I think that using this system for just a few days, everyone would get the hang of the idea and start thinking about splitting some of the tasks. If you don't split them, whichever answer you find harder is likely to hold you back from getting a right answer. And everybody likes getting things right.

A side benefit to having more tasks is that I would rather see a word once a day for five days than five times in one day. More tasks help ensure that the word hangs out in your system for a little longer.

Hope this finds you well and hope I recover that post about logging and Problem Children!
PHW
 

mikelove

皇帝
Staff member
Thanks for following up on this. As there have not been very many computer-based Chinese flashcard systems released to date it's extremely useful to hear about how an real, working, developed and tested system other than ours works.

I don't think we'd bother assigning indexes to tasks at all (well we would, but not in a user-perceivable way) - the convention on Palm OS is to simply have a reorderable list. It's a lot more intuitive and more in line with what people are expecting. And you're correct that we don't really have the screen space on Palm to simply hide and show controls on the layout (well we do now, but we won't with all of these extra fields and other geegaws we're adding) - however we're already going to have to design a mechanism for handling this in the main dictionary view (so people can show and hide fields in that) and it'll be trivial to apply it to flashcards. Offline questions seem to work well enough for us for now (or at the very least nobody's complained about them), so we'll probably hold off on doing multiple-choice until we get a lot of requests for it.

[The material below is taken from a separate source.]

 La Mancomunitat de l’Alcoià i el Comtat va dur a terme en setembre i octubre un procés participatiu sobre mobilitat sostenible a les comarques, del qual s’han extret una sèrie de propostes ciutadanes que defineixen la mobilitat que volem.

I'm sorry that that post disappeared - did the confirmation page come up saying that it had been submitted? Logging a lot of data can get problematic on a slow, low-memory PDA, but at a bare minimum we'll certainly be keeping track of right/wrong answers for each word, and it probably makes sense to put some sort of a timestamp in there as well.

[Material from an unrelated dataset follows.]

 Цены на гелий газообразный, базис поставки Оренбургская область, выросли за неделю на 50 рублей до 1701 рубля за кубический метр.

Actually I don't even think we would necessarily need to impose 'tasks' at all in some default setups - some people prefer to switch back and forth between tasks for all their cards at once, e.g. someone about to take a pinyin review test. All they want is for the flashcard system to keep track of how they're doing and show words they get correct less often, and of course we want to accommodate them too. (we are after all trying to sell something here) But from a "learning methodology" standpoint I certainly agree with you that many if not most people would be a lot better off splitting up their memorization into specific tasks; as an oft-frustrated Chinese learner myself I certainly would have benefitted :D

Anyway, I've downloaded your databases and will be taking a good look at them later on, and I hope you won't mind if I contact you with a few follow-up questions at some point.

Thanks again,

Michael Love
Pleco Software
 

paulwilt

Member
Problem Children

Thanks again,

Well I would hardly call FlashBang "tested" but maybe you can get some ideas from it. Hope so.

I never did get the Problem Children post back, after I hit Submit IE hung, and I hadn't saved the text anywhere else.

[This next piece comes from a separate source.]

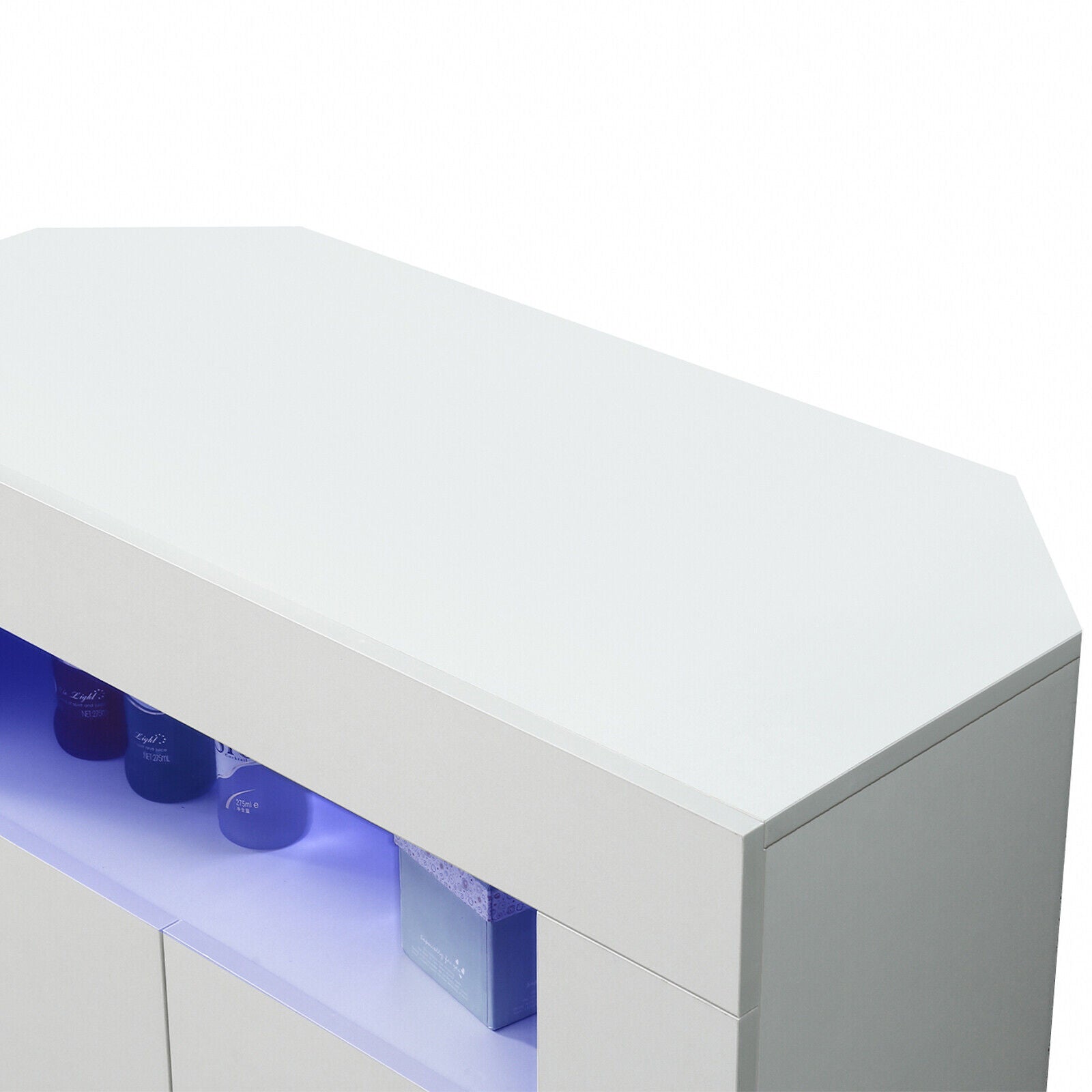 Corner TV Unit Stand Cabinet Media Storage Console Shelf Cupboard RGB LED Lights

Essentially it's what you were talking about -- by adding a time stamp to the "right/wrong" log, you can enable a lot of very interesting and pedgogically effective queries to find and review items that aren't moving. Some interesting Problem Children definitions I use are:

Got wrong in last n hours
Got wrong n times in last m hours
Have not gotten right in n hours
Have looked up more than n times in last m hours (days)
Have looked up in more than one Lesson (added to more than one list)

With a log, the normal flash card rule "show me only items that I haven't gotten right yet during this quiz session" is just a specific case of "show me items I haven't gotten right since time t", a query which has a lot of uses besides just running through the stack once.

As I admitted in the Lost Post, keeping a log is obviously more difficult in the tiny Palm than in a relational database, and I honestly don't know anything at all about Palm development. That said, the most powerful log queries still really only need a few days worth of data, so you could purge it that frequently if it would help.

Take care and feel free to drop me a line if FlashBang generates any questions (or fails to behave!!)